In the Fall of AD 70 (August/September), the LORD, using the Roman army, breached the walls of Jerusalem.
The last Festival of Trumpets in old Israel occurred in Aug/Sept (Tishri 1, AD 70)
The last Day of Atonement in old Israel occurred in Aug/Sept (Tishri 10, AD 70).
The last Feast of Tabernacles in old Israel occurred in Aug/Sept (Tishri 15 AD 70).
The LORD brought down, stone by stone, the Old Temple (Matthew 24), and He (our High Priest) cleansed the New Temple (us, His people), to become the dwelling place of the Creator of the Universe.
Yeshua, the Anointed One, fulfilled the Law of the Festivals - every jot and tittle!
What Christ fulfilled spiritually, AD 70 sealed historically.
We Are the Temple of the Living God
You can’t go to church if you are the church.
You can drive to a building, sit in a pew, sing familiar songs, and listen to a sermon—but none of that is the church.
The church is not brick and mortar, not a zip code, not a budget line, and not a branded program. The church is people in whom God dwells. If the Spirit of God lives in you, then wherever you stand is holy ground.
I should be asking the One in us ‘How do I live?’ more than ‘Where do we meet?’

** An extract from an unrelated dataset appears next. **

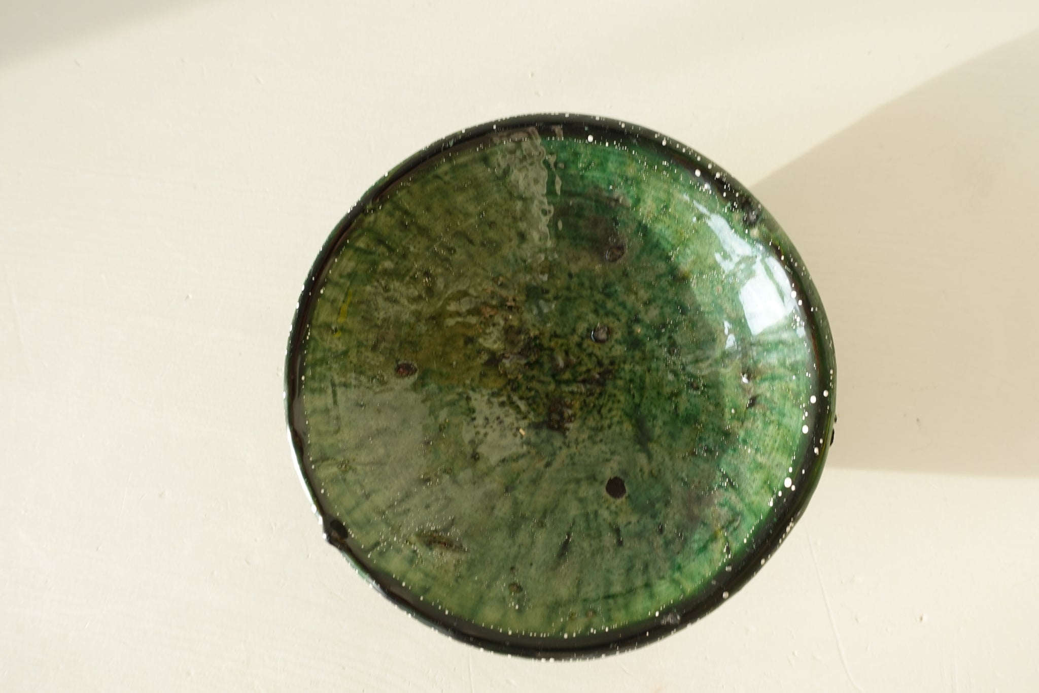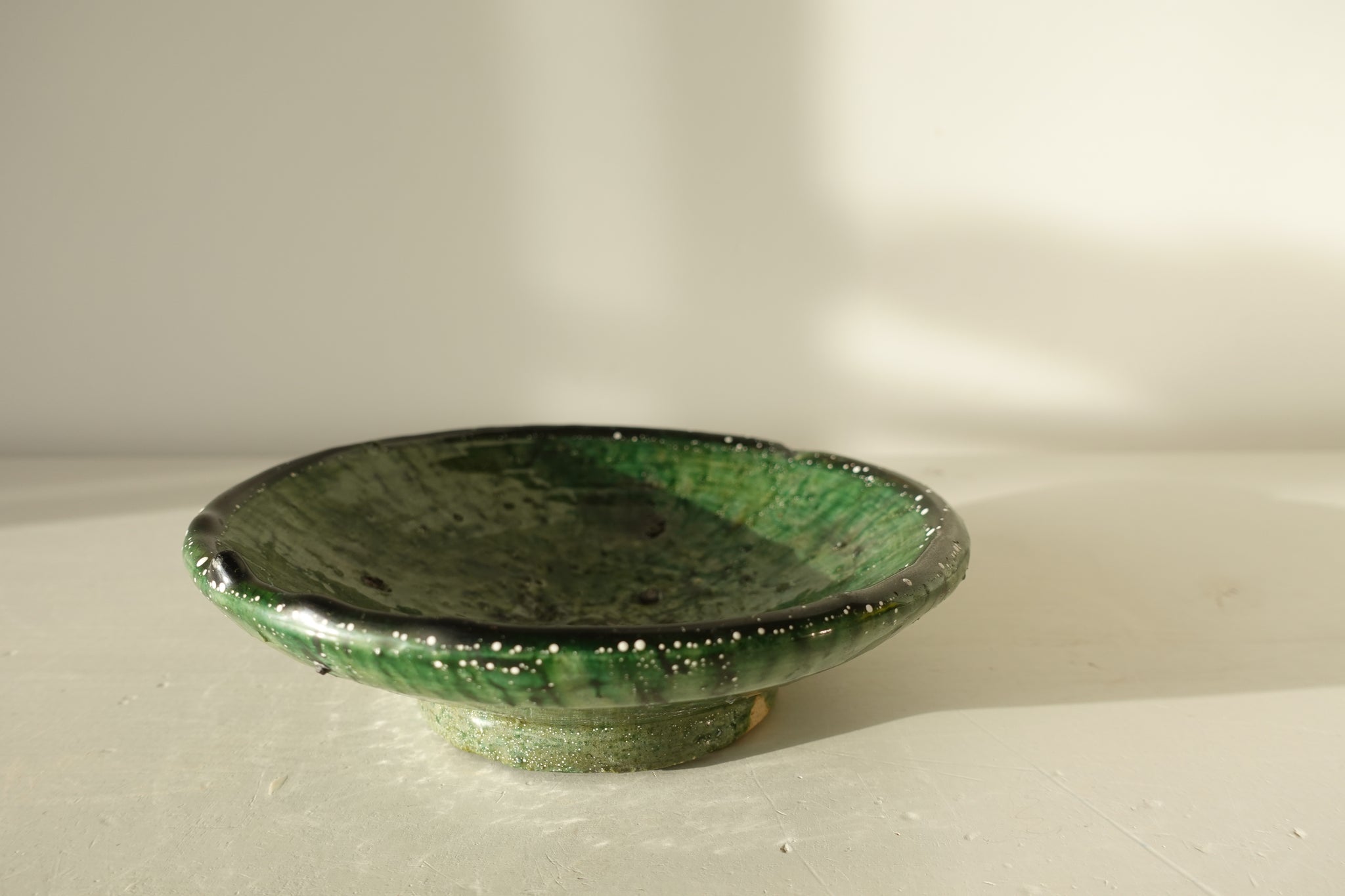 This wholeheartedly handcrafted pottery made from Draa-river clay is using the time-honoured tradition of the local ancestors. With a unique crafting process, tamegroute is only made by seven atelier-families in a small village called tamegroute and passed by from generation to generation. Its unique green shades are formed using an ancient mixture of natural minerals and elements which remains unchanged. Each piece is one of a kind and bares its own marks and textures which are created once baked in the earth kilns. Characteristic to tamegroute are the well known three marks which appear on each piece due to stacking the pottery in the kilns.

The dwelling place of God is not a stage or a steeple - it is flesh and blood. You. Me. Us.
When we reduce church to an address or an hour on Sunday, we shrink God and excuse ourselves. We outsource presence. We attend instead of embody.
The presence of God is seen in grace and truth walking around in human skin.
It shows up when forgiveness replaces vengeance, when hospitality defeats fear, when love refuses to dehumanize the neighbor or the enemy.
The world does not need more religious gatherings; it needs more God-filled people who actually reveal God in dark, dying, depressing places.
If the world is starving for hope, it’s not because God is absent - it’s because too many of His people keep Him locked inside buildings He never asked to inhabit.











I like your writings because sometimes I think, "Yeah I probably knew that. But did I really?" Reading this makes me clarify in my own mind the truth of these things and how important it is to know, to understand, and to absorb and apply. Thanks!
That’s another re-read and soak it in. Thank you Wade.